Last month, the New York Times was the first outlet to report that (previous blogpost here), in the period following September 11, 2001, the CIA had begun a program to capture or kill members of Al Qaeda. At the time the story broke, much ink was spilt discussing how operational the CIA program had been – the extent to which the CIA’s program was operational, it was argued, had a direct bearing on whether the CIA was required by law to inform Congress of its activities. I did not buy the argument that the supposedly nascent CIA program escaped the reporting requirements of the National Security Act at the outset but now it appears the CIA’s program was further along than previously thought.
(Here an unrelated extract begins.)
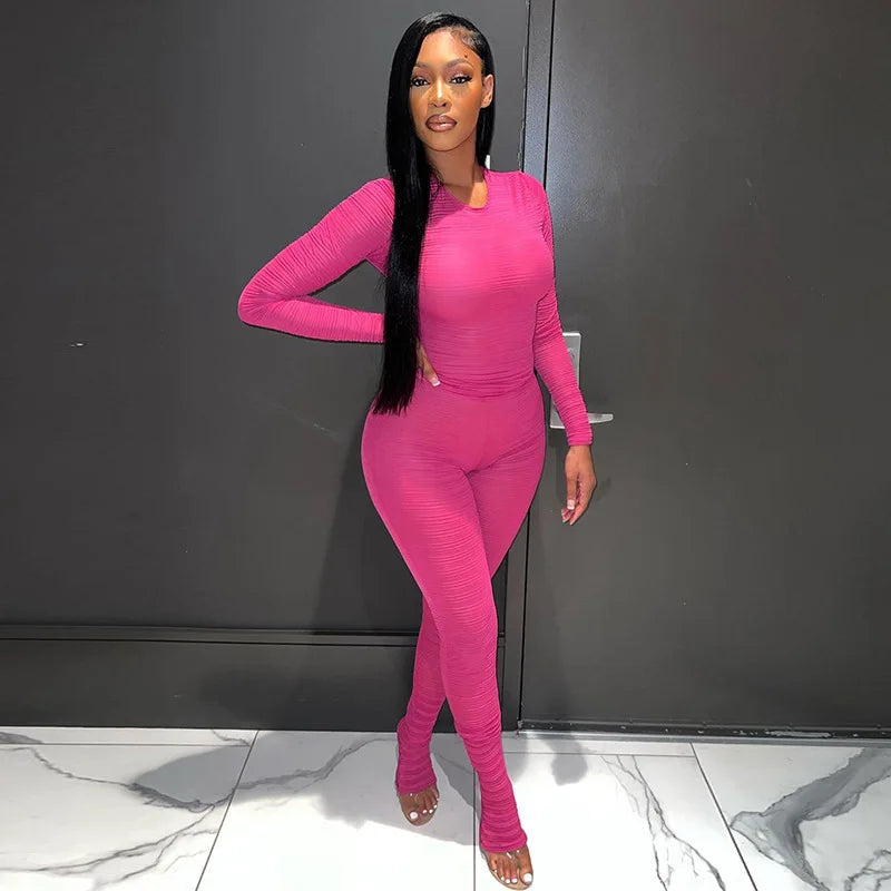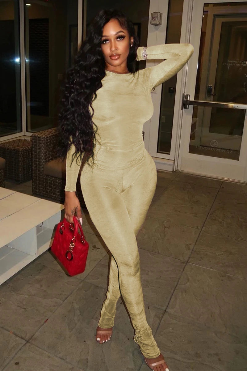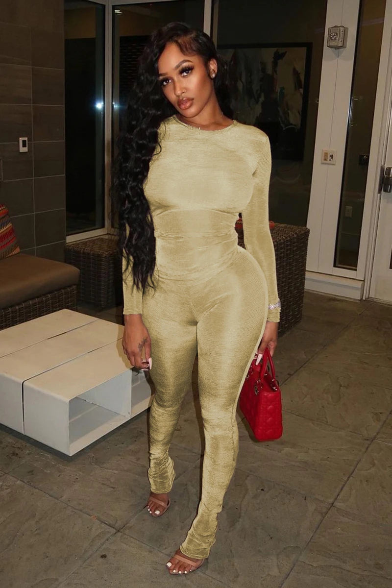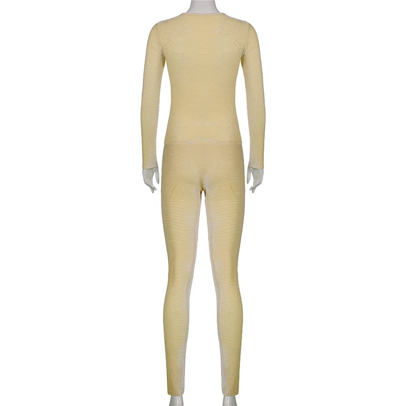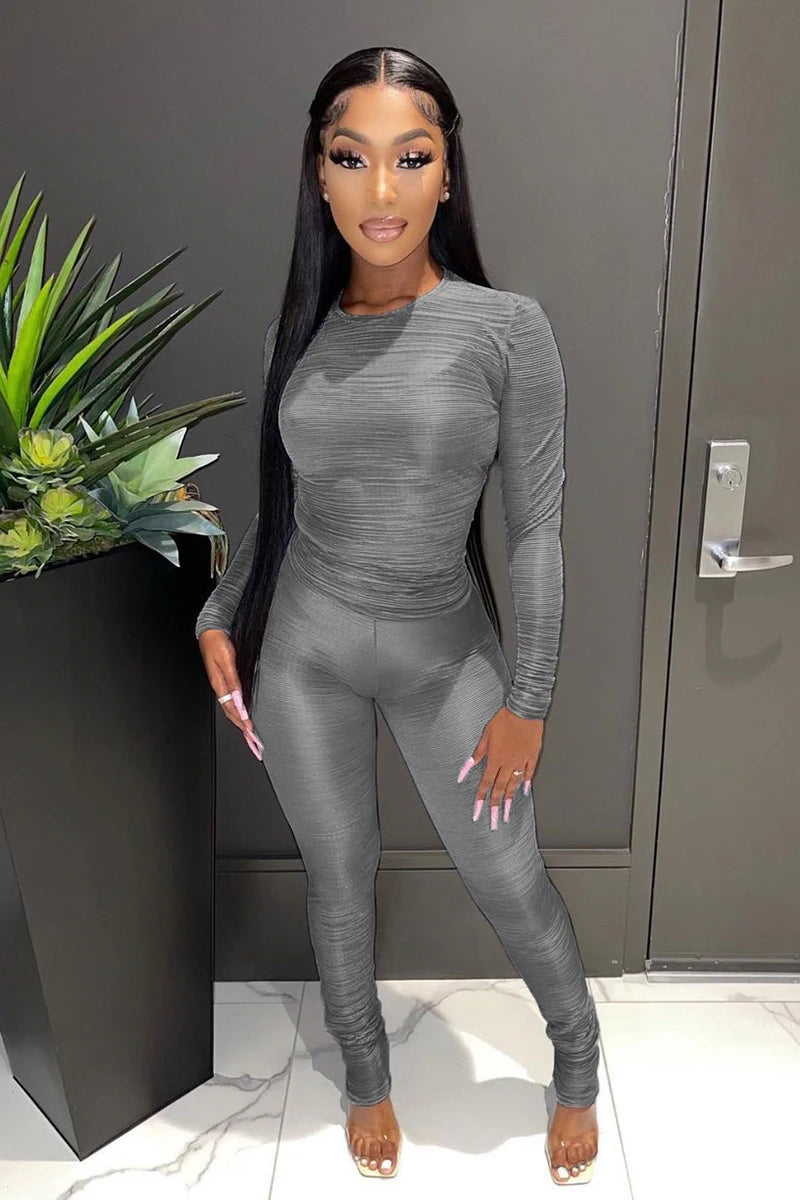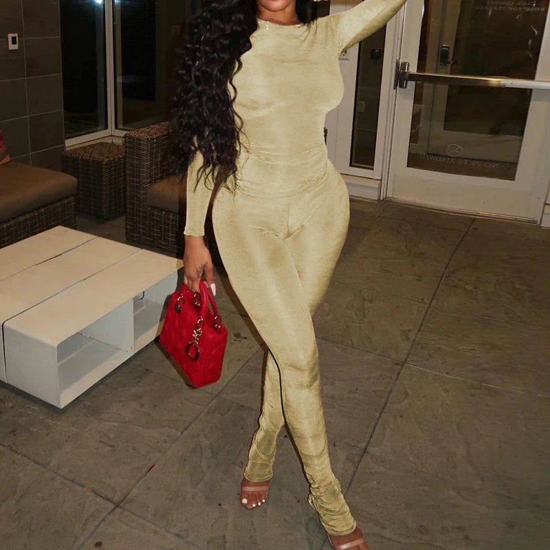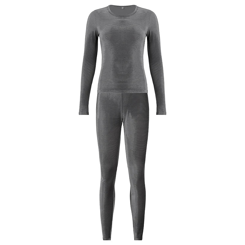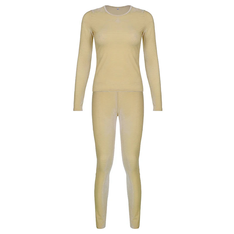 Two Piece Sets Women Autumn Solid Pencil Pant Skinny Casual Pullover Tops & Elastic Leggings All-match Clothes

The New York Times reports today that in 2004 the CIA hired Blackwater, the infamous private security contractor, “as part of a program to locate and assassinate operative of Al Qaeda.” The Times cannot say whether “the CIA planned to use the contractors to actually capture or kill Qaeda operatives, or just to help with training and surveillance in the program.”
Either way, as the Times rightly notes, the CIA’s relationship with a private security force in an operation designed to kill or capture people raises serious concerns.
So, the CIA’s until-recently-undisclosed program to kill or capture member of Al Qaeda is troubling on two fronts. The CIA, supposedly at the behest of the Bush administration, avoided its reporting requirements under the National Security Act of 1947. And the CIA looked to outsource some portion of a lethal program to a private security contractor.